_Task goal_:
Repeat the listing that follows character for character, omitting images.

_Provided data_:
● ● ● ●

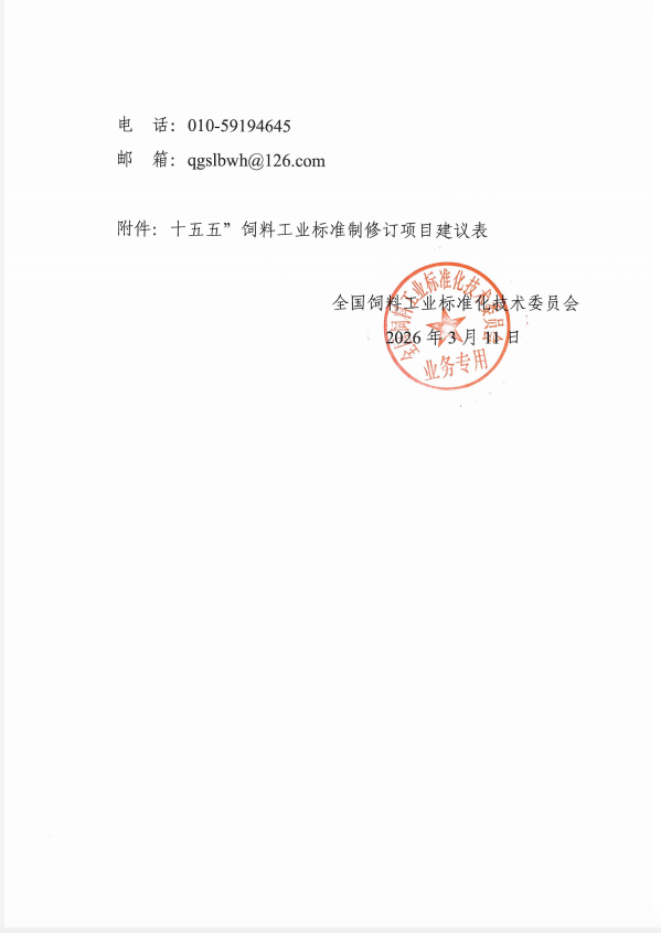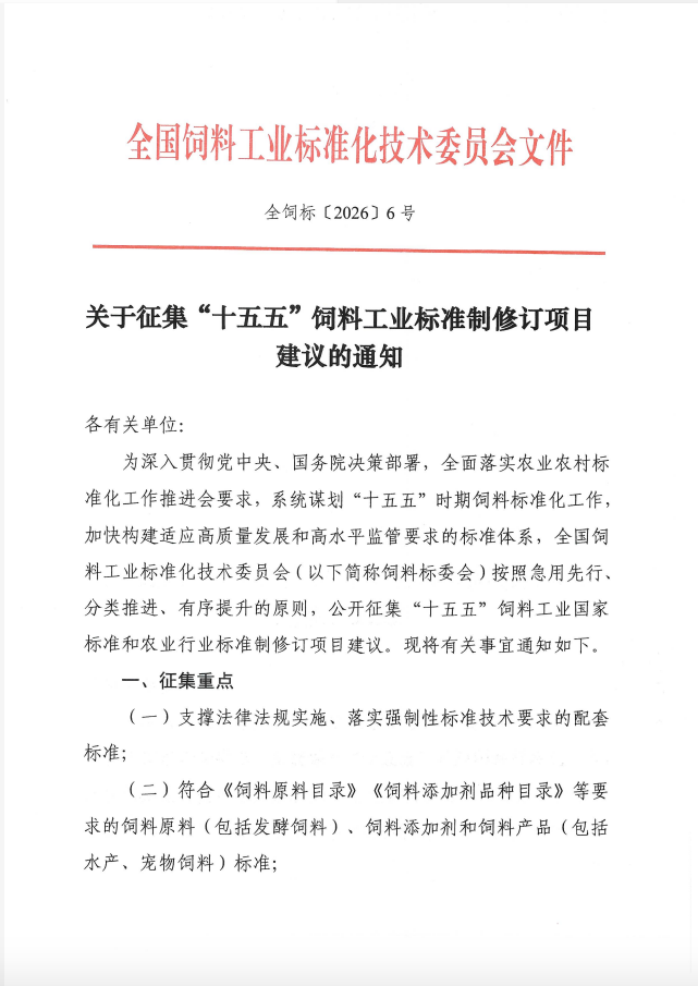 关于征集“十五五”饲料工业标准制修订项目建议的通知
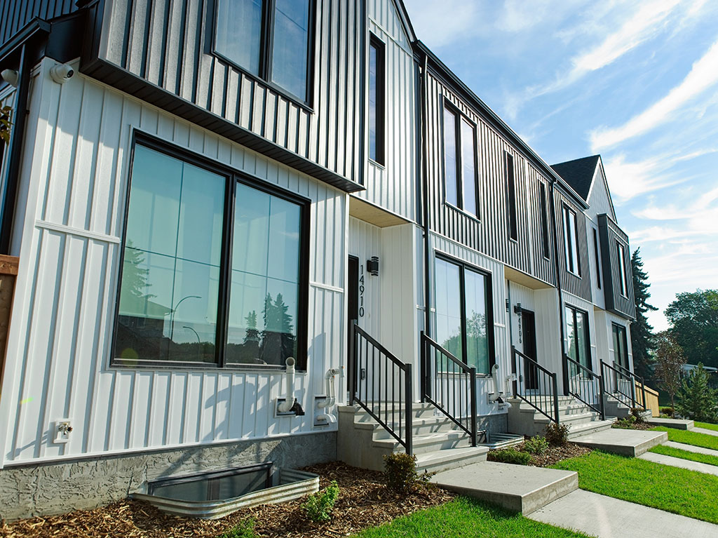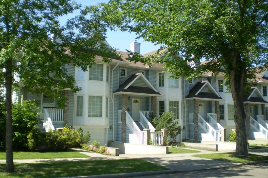 Medium-density rowhouses on large corner lots, like those pictured here, can help to increase density around transit and support amenities and infrastructure.Photo by the City of Edmonton, 2024.
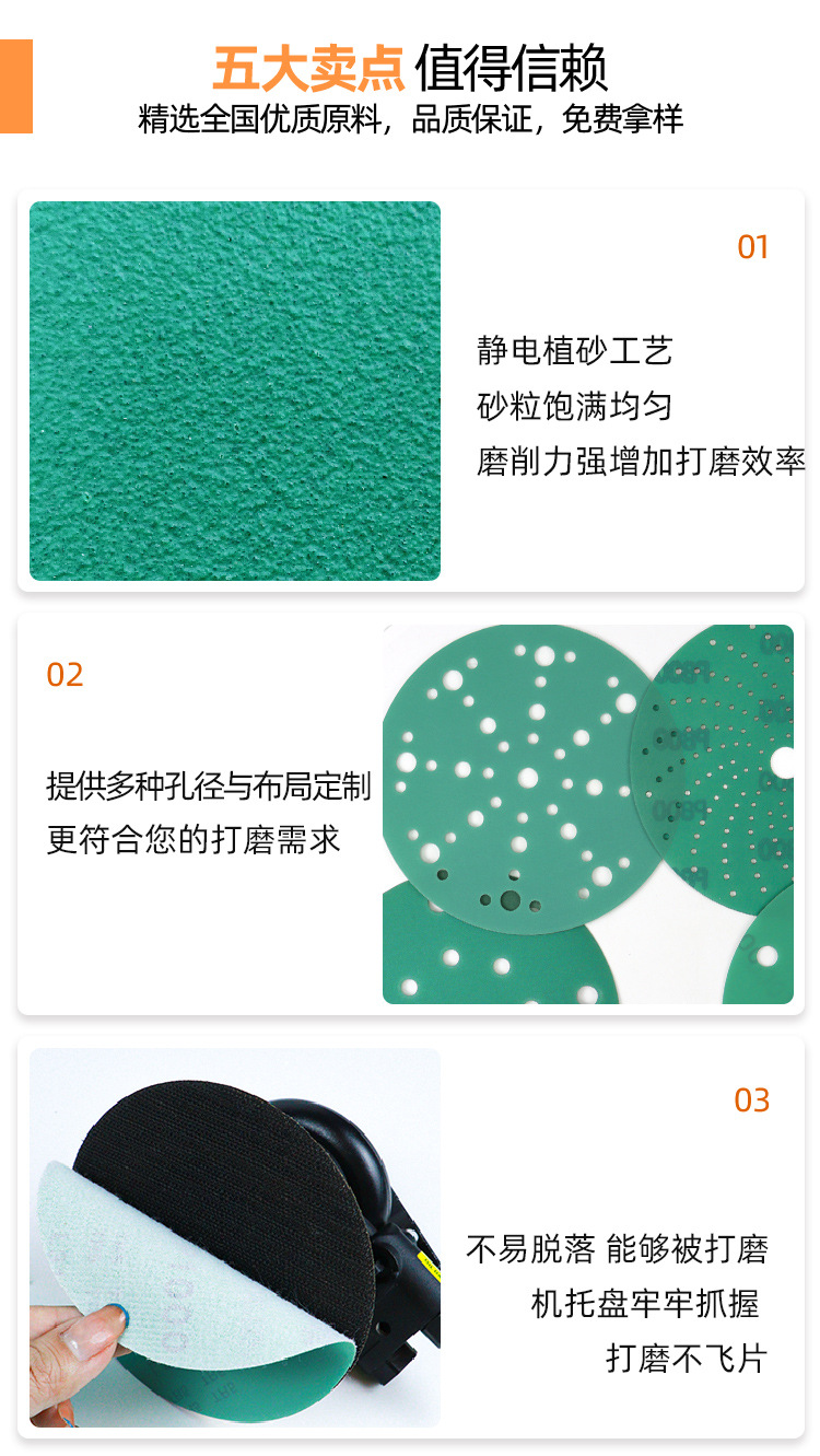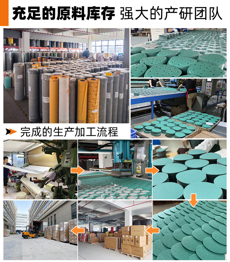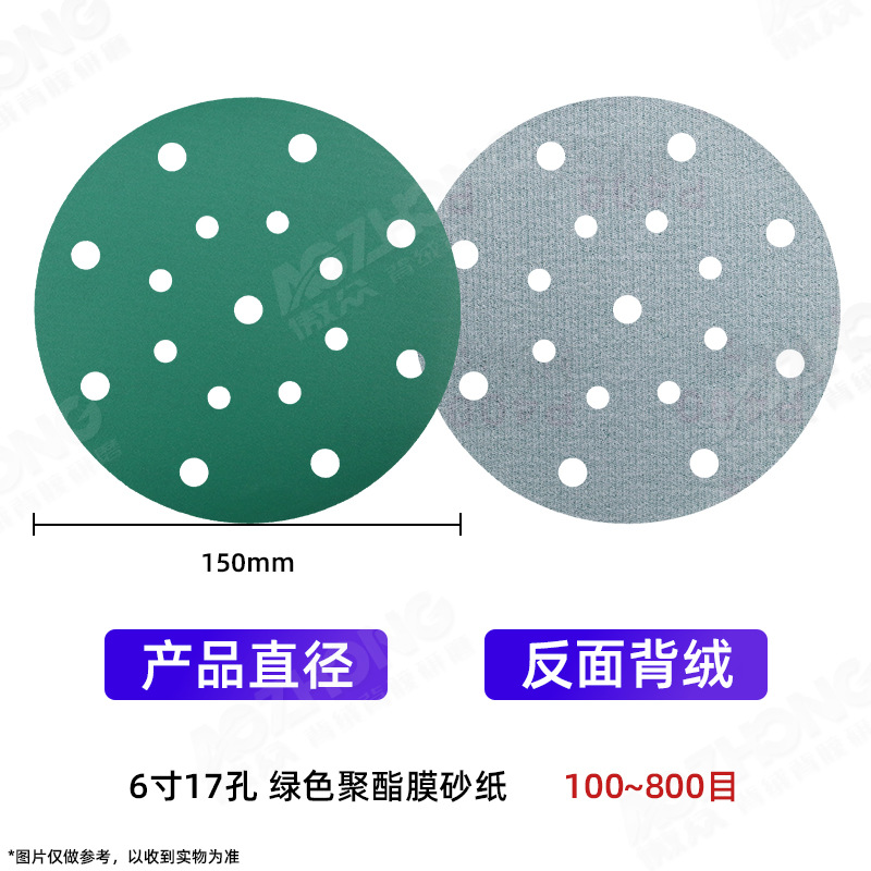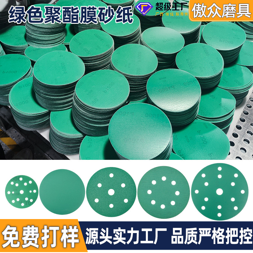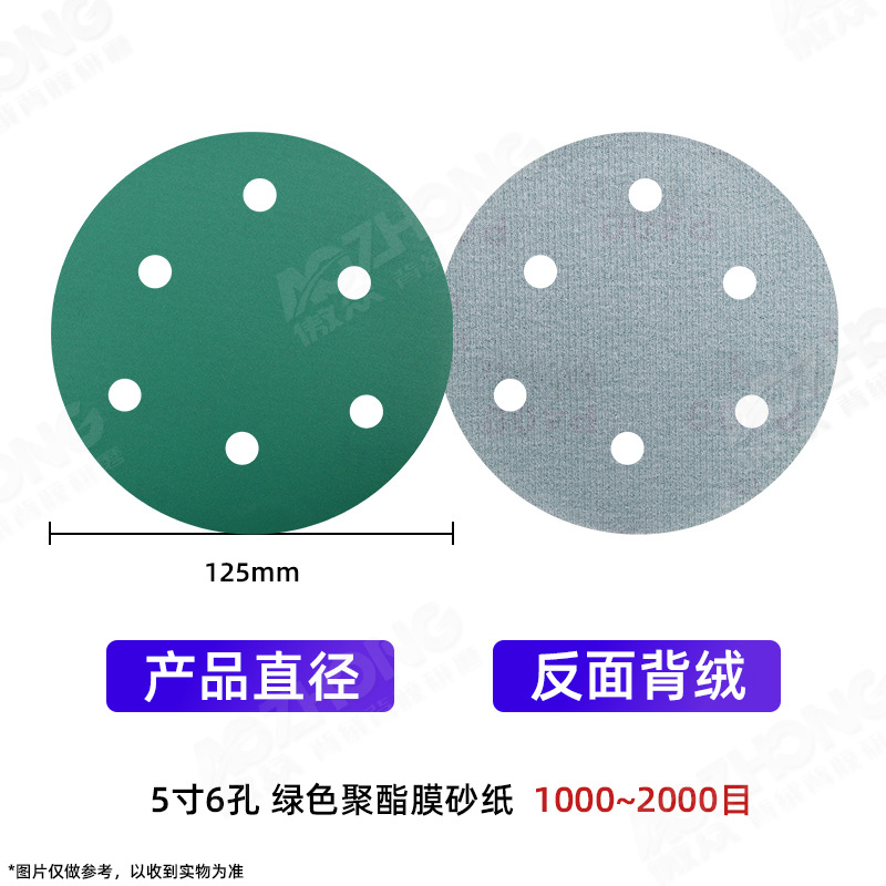 맞춤형 5인치 8홀 건식 연마지 폴리에스터 필름 자동차 및 선박 도장용 공압 연마 전용 플로킹 사포스토어 가기

● ● ● ●

_Written response_:
 关于征集“十五五”饲料工业标准制修订项目建议的通知
 Medium-density rowhouses on large corner lots, like those pictured here, can help to increase density around transit and support amenities and infrastructure.Photo by the City of Edmonton, 2024.
 맞춤형 5인치 8홀 건식 연마지 폴리에스터 필름 자동차 및 선박 도장용 공압 연마 전용 플로킹 사포스토어 가기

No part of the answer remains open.